Diagnosis: Malignant melanoma, 3.21mm, level IV, with ulceration and angiotropism


Case 9 - Figure A - (intermediate power micrograph): In this vertical growth phase melanoma, tumor cells extend around a blood vessel in an abluminal disposition scaffolding along the outside of the basement membrane zone of the blood vessel.

Case 9 - Figure B - Intermediate to high power micrograph of the vascular field from figure 1.

Case 10 - C02-954 61 year-old male with a lesion on the right chest biopsied by shave technique.
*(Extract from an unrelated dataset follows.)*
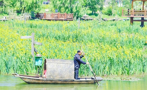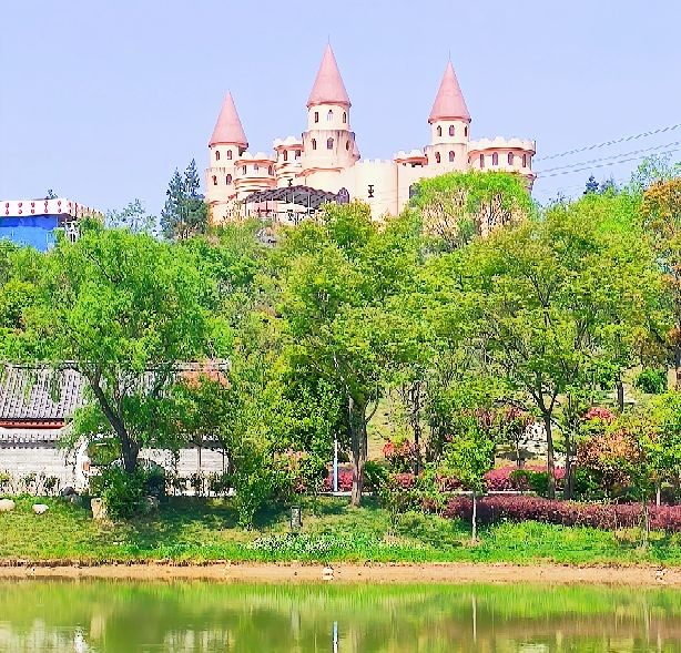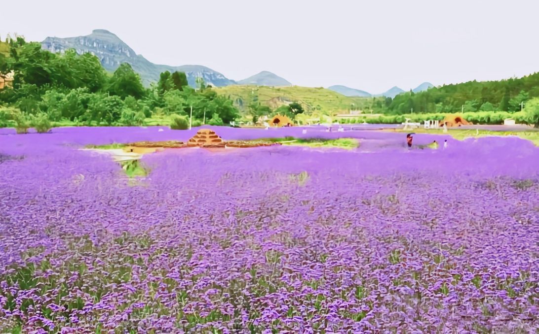 到观景台上,哒啦仙谷的全景便一览无余。景区内有湿地公园、七彩花田、水上乐园、游乐城等景观,主打种植薰衣草、水仙花、波斯菊、马鞭草等花卉,旨在打造一个“心无疆,意斑斓”的多彩世界。

Diagnosis: Malignant melanoma, 4.05mm, level IV, with ulceration, vascular and lymphatic invasion, 34 mitoses, mm2


Case 10 - Figure A - A low power micrograph shows the base of the vertical growth phase component of this deeply invasive melanoma. There is angiolymphatic plugging by cohesive groups of neoplastic melanocytes.

Case 10 - Figure B - This blood vessel structure is distended by malignant melanocytes which are admixed with red blood cells.

Case 10 - Figure C - An intermediate power micrograph shows multiple involved blood vessels.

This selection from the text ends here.